- Opening Delimiter -

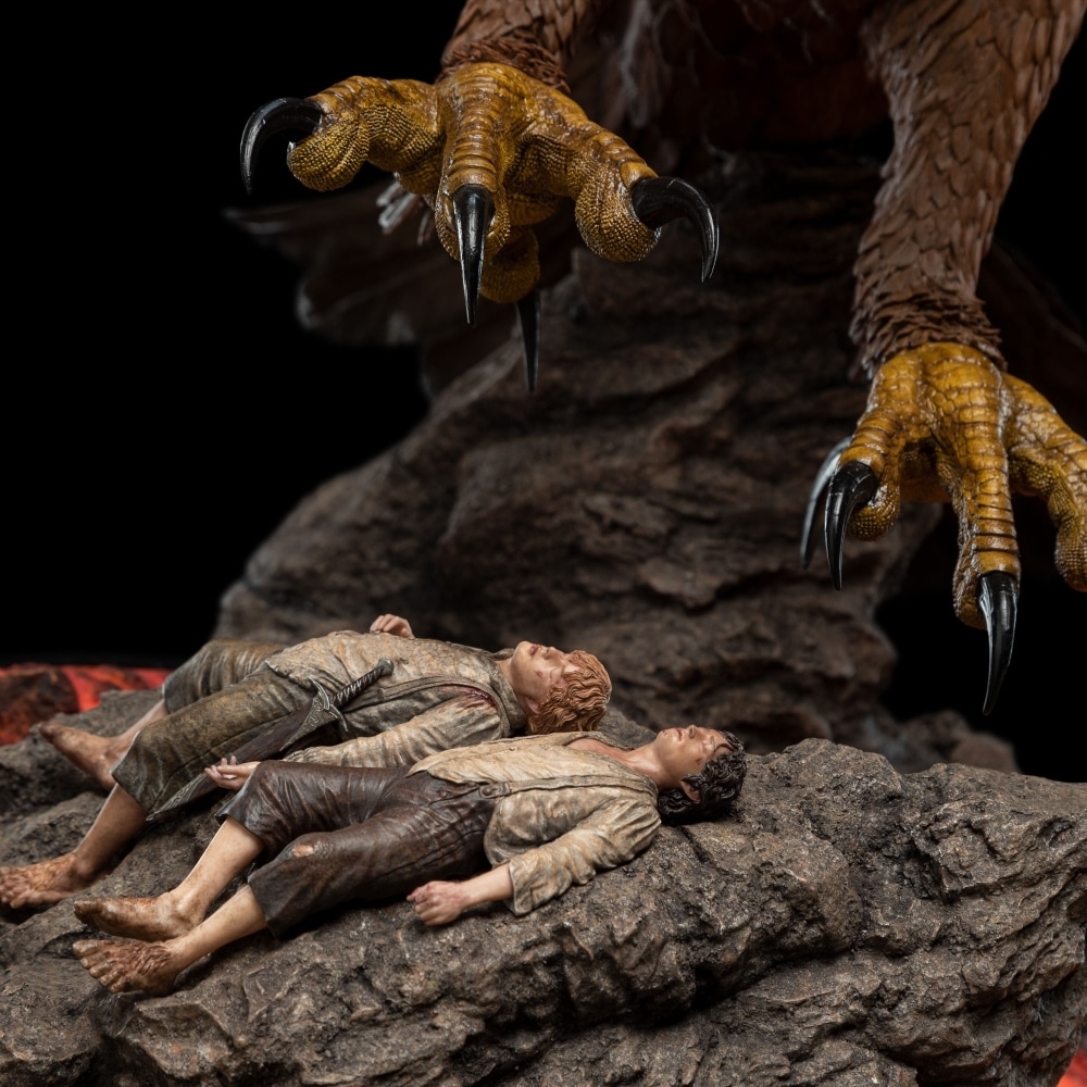 Understanding the amount of work and meticulous detail required for this grand piece, we turned to sculpting and Middle-earth master, Gary Hunt. “Even though I have digitally sculpted 2 eagles previously, this wasn’t enough to prepare me for the work I would have to do for an eagle of this scale! Originally, a 1/6th scale version was discussed; this would’ve made the wingspan over 2 metres and just the initial tests alone scared me! Getting the amount of photorealistic detail onto each feather was going to be a hard task, but luckily, I had a fantastic team behind me to help.”  The WETA Workshop Masters Collection Salvation at Mount Doom Statue Lord Of The Rings Limited Edition Collectible is an absolute peak of creation.
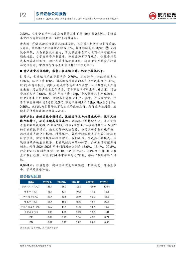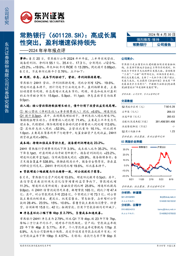 东兴证券:常熟银行(601128)-2024年半年报点评:高成长属性突出,盈利增速保持领先.pdf
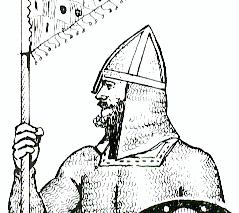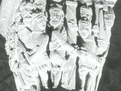 | (H) Прорисовка испанского рыцаря на иллюстрации в кодексе из монастыря Санто-Доминго де Силос (Село) в Бургосе (Bild in einem Kodex aus dem Kloster von Santo Domingo von Silos (Selos) bei Burgos ) 1091-1109 год. Британская библиотека, Add. Ms 11695 | (E2) Колонна в церкви Святого Нектария (Kirche St. Nectaire) на юге Франции, конец 11-го нач. 12-го века. У рыцарей сно видно кольчуга у шлема не составляет единого целого с остальной кольчугой. Отдельный интерес вызывает одежда виднеющаяся из под кольчуг |
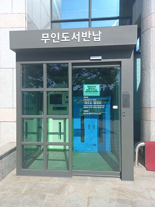 도서관 입구에 무인도서반납함도 있어 공휴일이나 도서관 운영시간이 아닐 때에도 반납이 가능합니다. 파란색 반납함에 책을 넣으시면 됩니다.
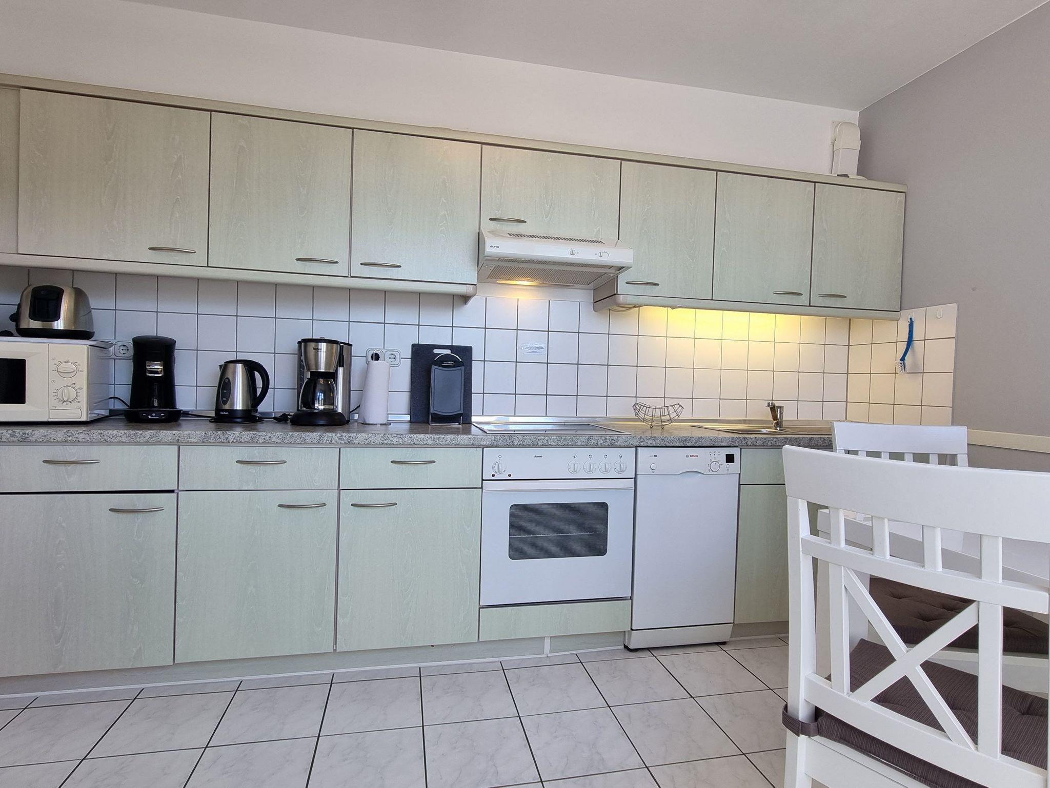 • Küche mit Esstisch und 4 Stühlen und Einbauküche inkl. Herd, Backofen, Mikrowelle, Eierkocher, Toaster, Spülmaschine, Wasserkocher, Kaffeemaschine, Kaffeepadmaschine, Kühl-/Gefrierkombination und reichlich Geschirr;
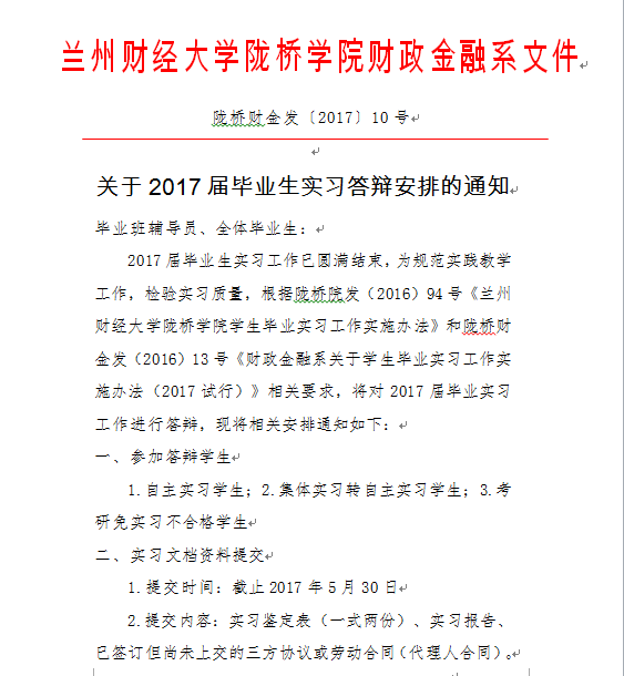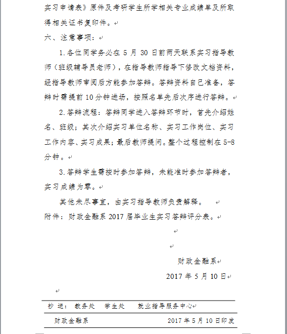 关于2017届毕业生实习答辩安排的通知

- Closing Delimiter -

◆ Work item: Copy word for word the span of the records above that begins at the line with "东兴证券:常熟银行(6011" and ends at the line with "под кольчуг |", including those two lines but not the pictures.

◆ Final answer:
 东兴证券:常熟银行(601128)-2024年半年报点评:高成长属性突出,盈利增速保持领先.pdf
 | (H) Прорисовка испанского рыцаря на иллюстрации в кодексе из монастыря Санто-Доминго де Силос (Село) в Бургосе (Bild in einem Kodex aus dem Kloster von Santo Domingo von Silos (Selos) bei Burgos ) 1091-1109 год. Британская библиотека, Add. Ms 11695 | (E2) Колонна в церкви Святого Нектария (Kirche St. Nectaire) на юге Франции, конец 11-го нач. 12-го века. У рыцарей сно видно кольчуга у шлема не составляет единого целого с остальной кольчугой. Отдельный интерес вызывает одежда виднеющаяся из под кольчуг |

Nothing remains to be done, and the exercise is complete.